Abandon Quarterly Earnings? Why the Latest Debate Misses the Point

Why a Twice-Yearly Earnings Schedule Is No Fix for Short-Termism

Abandon Quarterly Earnings? Why the Latest Debate Misses the Point

SMITH BRAIN TRUST  Should publicly traded companies stop reporting earnings every quarter, opting instead for a twice-a-year schedule?

Proponents of the change say it would relieve the pressures CEOs feel to outperform analyst forecasts every three months. Those pressures has long been blamed for discouraging companies from taking the long view in strategies, investing in research, hiring, equipment, technology and other fundamental aspects of business.

Maryland Smith’s Rachelle Sampson has studied the effects of short-termism. Her research has shown that a short-term focus has become significantly more prevalent in the past three decades among firms and their investors.

Nonetheless, as she listens to the current arguments in favor of abandoning the quarterly earnings schedule, she says much of the debate essentially misses the point. She says those reporting requirements aren’t very onerous, as some people contend.

The practice of delivering quarterly earnings-per-share guidance already is largely on its way out, says Sampson, associate professor of logistics, business and public policy at the University of Maryland's Robert H. Smith School of Business. And, she says, it’s small potatoes compared to what’s really driving short-termism: CEO compensation and its link to share prices.

“The discussion about ‘onerous’ reporting requirements for publicly listed firms comes up frequently,” Sampson says.

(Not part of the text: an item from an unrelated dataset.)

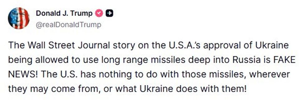 “Artikulli i Wall Street Journal mbi miratimin e SHBA-së që Ukraina të lejohet të përdorë raketa me rreze të gjatë veprimi thellë në Rusi është LAJM I RREMË! SHBA-të nuk kanë të bëjnë fare me ato raketa, ngado që të vijnë, apo me atë që bën Ukraina me to!”, ka shkruar Trump në rrjetet sociale, përcjell Telegrafi.

But they aren’t particularly onerous, she says. In fact, she would lobby for more disclosures from publicly traded firms. “By and large transparency is essential for well-functioning markets.”

The issue, she says, is that firms often focus on managing market expectations at the expense of what she calls “real performance.”

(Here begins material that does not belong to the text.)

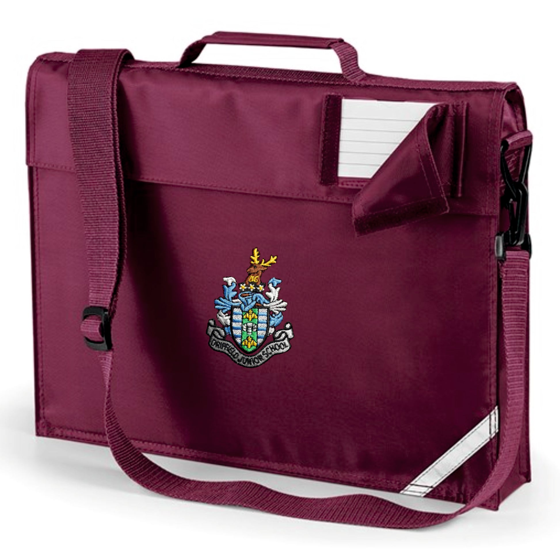 Driffield Junior School bookbag with strap and embroidered logo.

Firms that issue earnings guidance are essentially setting expectations to drive stock prices, and delivering an imperative for senior management to meet those expectations. The practice has been falling out of favor.

The quarterly vista is myopic. So many factors can impact a company’s quarter – from geopolitical uncertainty, to trade talks, to weather events.

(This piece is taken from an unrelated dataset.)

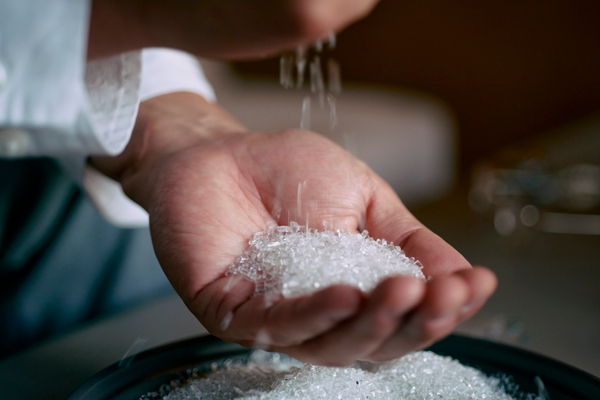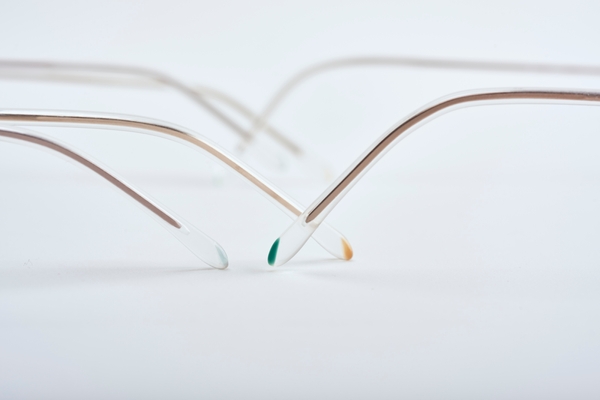 メガネフレームの耳にかかる部分に差し込まれている部品“モダン(先セル)”のプラスチックパーツに、世界初となるサステナブルなバイオマスプラスチック「アセチEC」を採用しました。長年を費やしパリミキと材料メーカー、製造メーカーで試行錯誤しながら、改良・改善を行いながら何度もテストを重ね、メガネフレームのパーツとして製品化しました。植物由来のバイオプラスチックを採用することで大気中のCO2排出量を減らすサステナブルな素材です。

JPMorgan Chase’s Jamie Dimon and Berkshire Hathaway’s Warren Buffett have both urged companies to move away from providing quarterly earnings-per-share guidance, writing in The Wall Street Journal that the practice “often leads to an unhealthy focus on short-term profits at the expense of long-term strategy, growth and sustainability.”

The most significant factor contributing to short-termism, Sampson says, is the fact that CEO compensation is usually tied to stock price, whether through explicit stock price targets that trigger bonuses, or stock grants and options included as part of compensation packages.

“The whole argument that switching to six-month reporting instead of quarterly reporting is going to reduce short-termism because analysts will only be making projections every six months kind of misses the point,” she says. “Analyst expectations only affect firm behavior when CEOs are more motivated by stock prices, rather than fundamentals.”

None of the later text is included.